- New Boston-Morea Location within the U.S. state of Pennsylvania New Boston-Morea New Boston-Morea (the United States)
- Coordinates: 40°47′28″N 76°10′3″W﻿ / ﻿40.79111°N 76.16750°W
- Country: United States
- State: Pennsylvania
- County: Schuylkill
- Township: Mahanoy

Area
- • Total: 0.46 sq mi (1.2 km^{2})
- • Land: 0.42 sq mi (1.1 km^{2})
- • Water: 0.039 sq mi (0.1 km^{2})

Population (2000)
- • Total: 441
- • Density: 1,000/sq mi (400/km^{2})
- Time zone: UTC-5 (Eastern (EST))
- • Summer (DST): UTC-4 (EDT)
- ZIP codes: 17948

= New Boston-Morea, Pennsylvania =

New Boston-Morea (pronounced "Maria") was a census-designated place (CDP) in Schuylkill County, Pennsylvania, United States. The population was 441 at the 2000 census. It uses the Mahanoy City zip code of 17948. For the 2020 census, the area was split into two CDPs, Morea and New Boston.

==Geography==
New Boston-Morea is located at (40.791189, -76.167412).
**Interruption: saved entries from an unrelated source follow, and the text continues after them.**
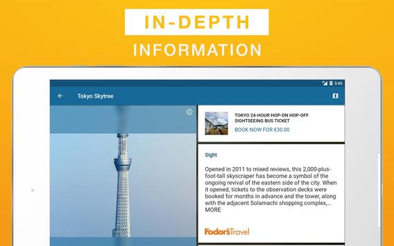 The Japan travel guide contains content from a variety of sources. It includes premium content from the experienced travel authors at MARCO POLO and Fodor’s Travel as well as community-based content from Yelp, Wikipedia and Foursquare.
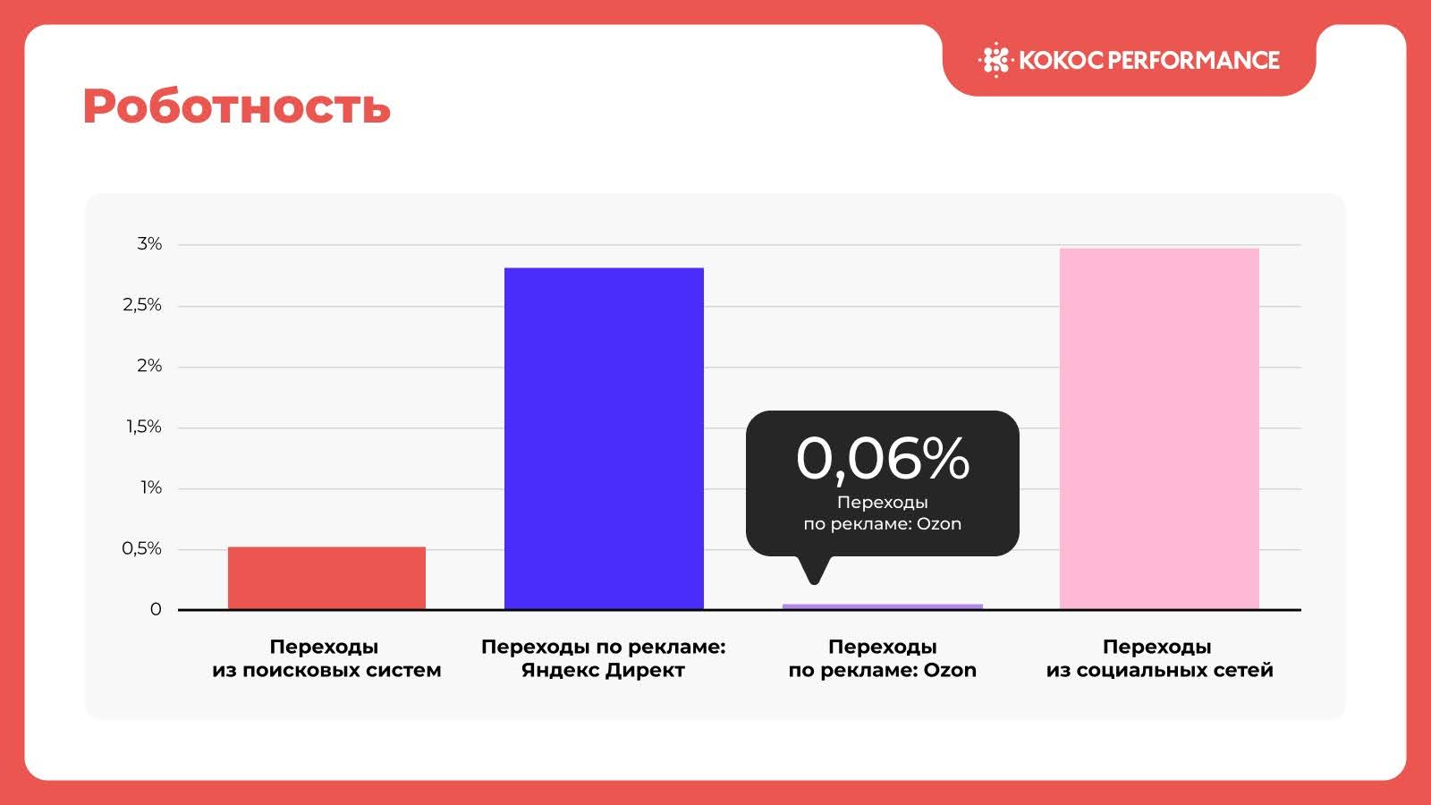 Низкий уровень бот-трафика — всего 0,06% роботных визитов.
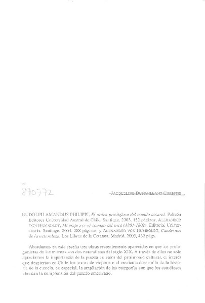 El orden prodigioso del mundo natural [artículo] Rafael Sagredo Baeza
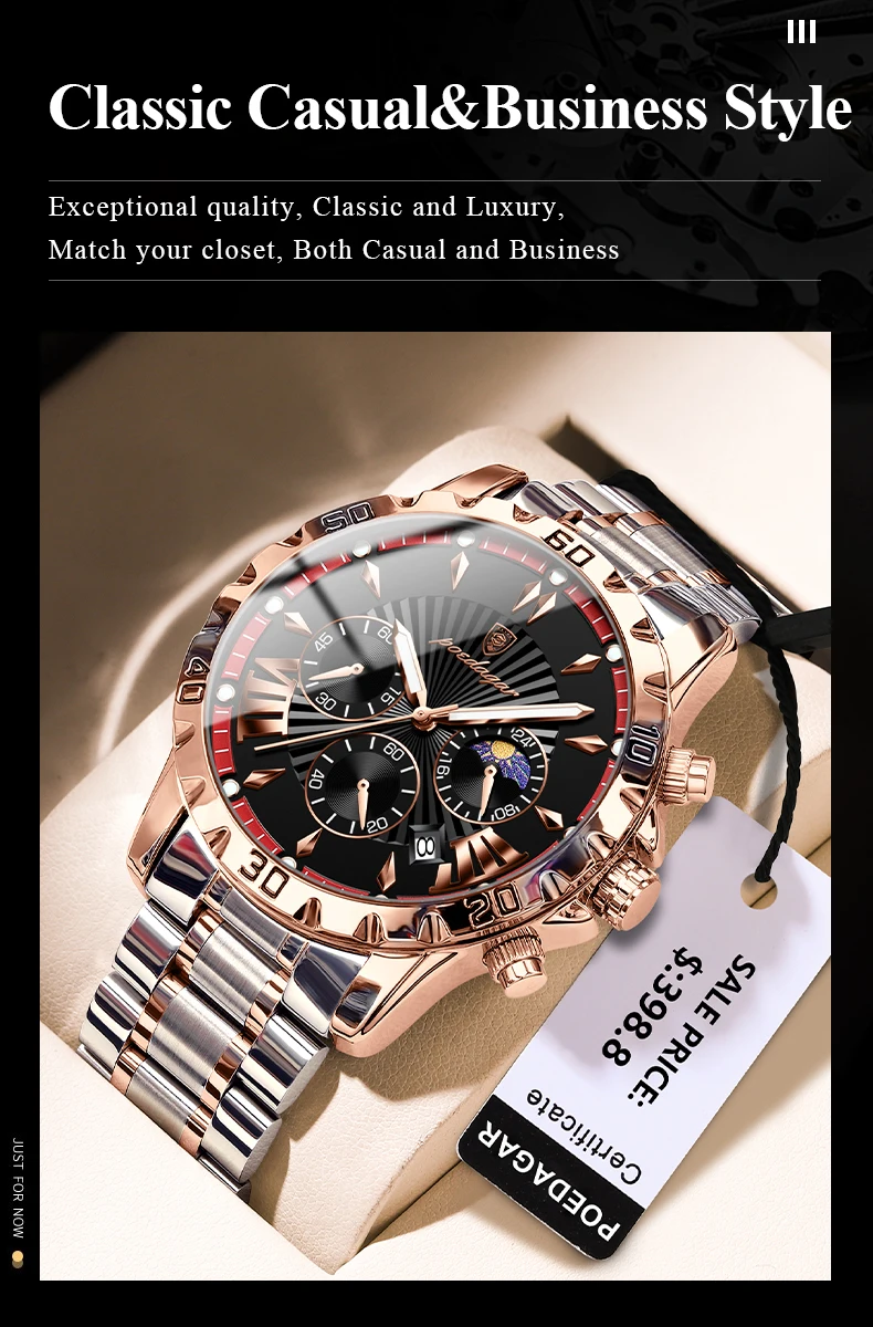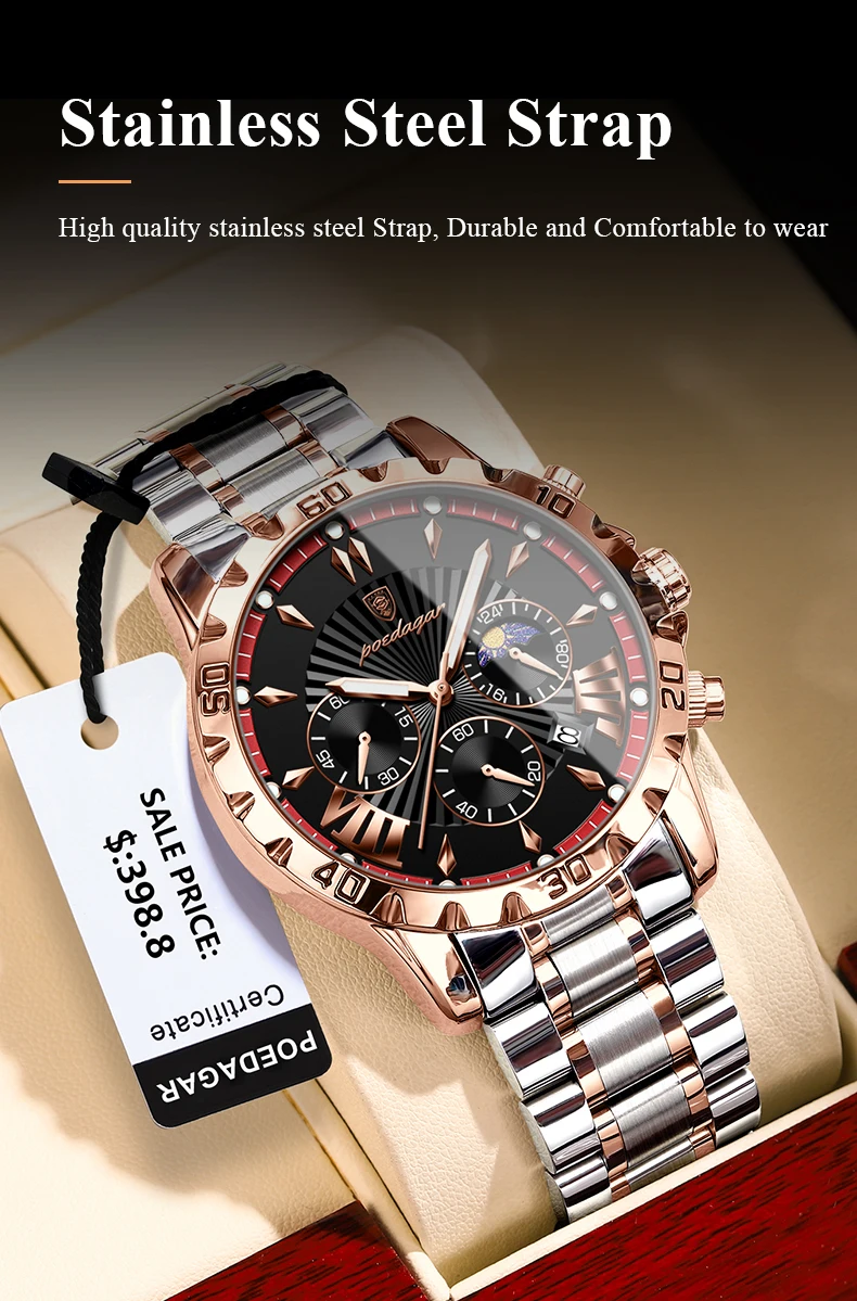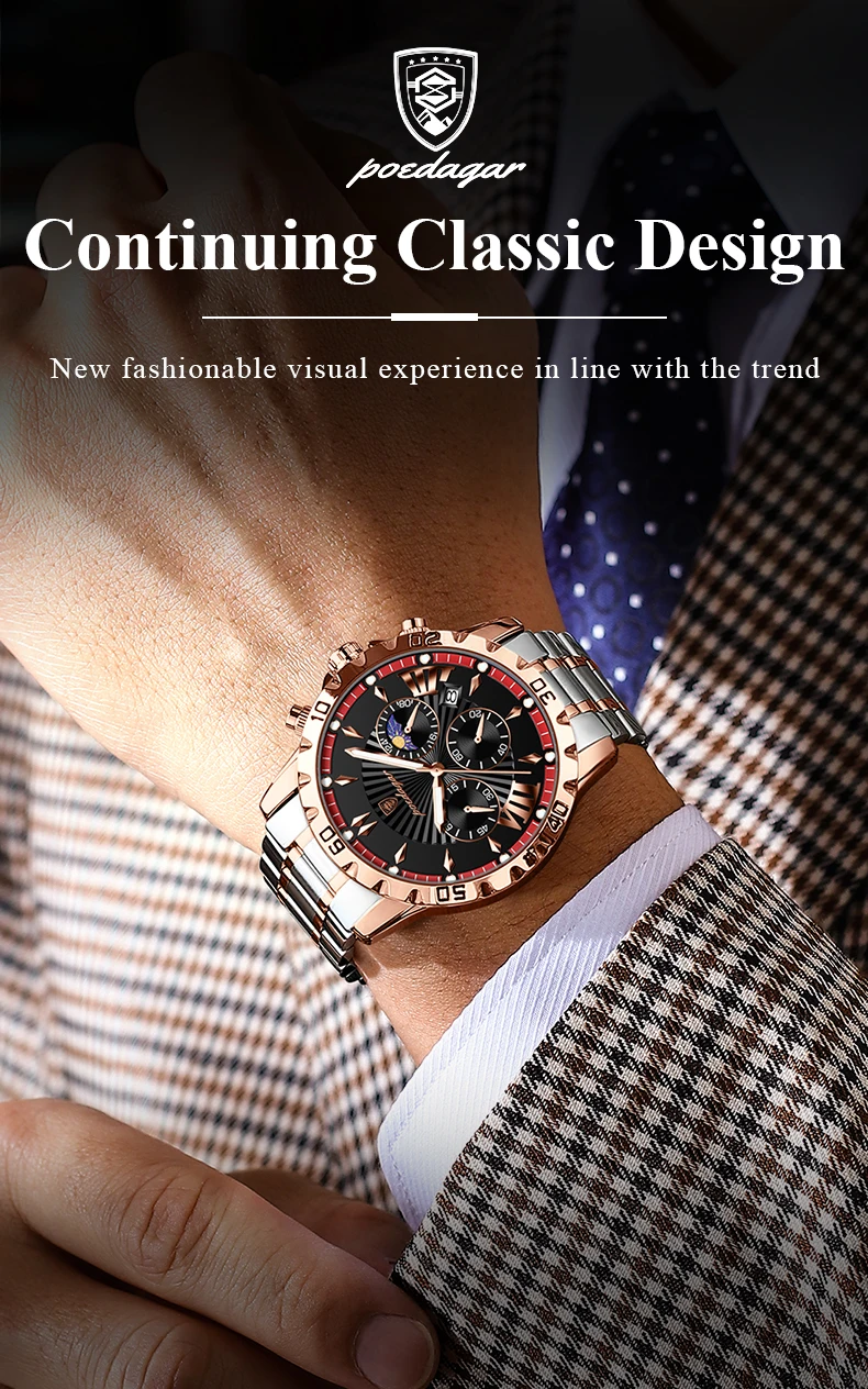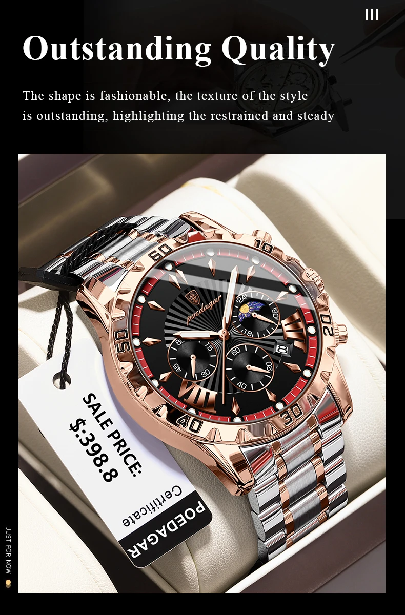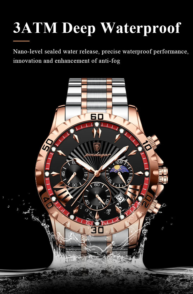 - > POEDAGAR-Relógio Quartzo de Luxo Masculino, Aço Inoxidável, Alta Qualidade, Impermeável, Luminoso, Cronógrafo, Data, Homem

According to the United States Census Bureau, the CDP had a total area of 0.5 sqmi, of which, 0.4 sqmi of it is land and 0.1 sqmi of it (10.64%) is water.

==Demographics==
At the 2000 census there were 441 people, 177 households, and 124 families living in the CDP. The population density was 1,054.2 PD/sqmi. There were 197 housing units at an average density of 470.9 /sqmi. The racial makeup of the CDP was 99.32% White, 0.45% Native American and 0.23% Asian.
Of the 177 households 26.0% had children under the age of 18 living with them, 55.4% were married couples living together, 8.5% had a female householder with no husband present, and 29.4% were non-families. 26.6% of households were one person and 13.0% were one person aged 65 or older. The average household size was 2.49 and the average family size was 3.02.

The age distribution was 20.9% under the age of 18, 7.5% from 18 to 24, 27.0% from 25 to 44, 26.3% from 45 to 64, and 18.4% 65 or older. The median age was 40 years. For every 100 females, there were 106.1 males. For every 100 females age 18 and over, there were 105.3 males.

The median household income was $32,054 and the median family income was $38,462. Males had a median income of $26,818 versus $21,250 for females. The per capita income for the CDP was $15,243. About 7.3% of families and 9.9% of the population were below the poverty line, including 10.3% of those under age 18 and 10.0% of those age 65 or over.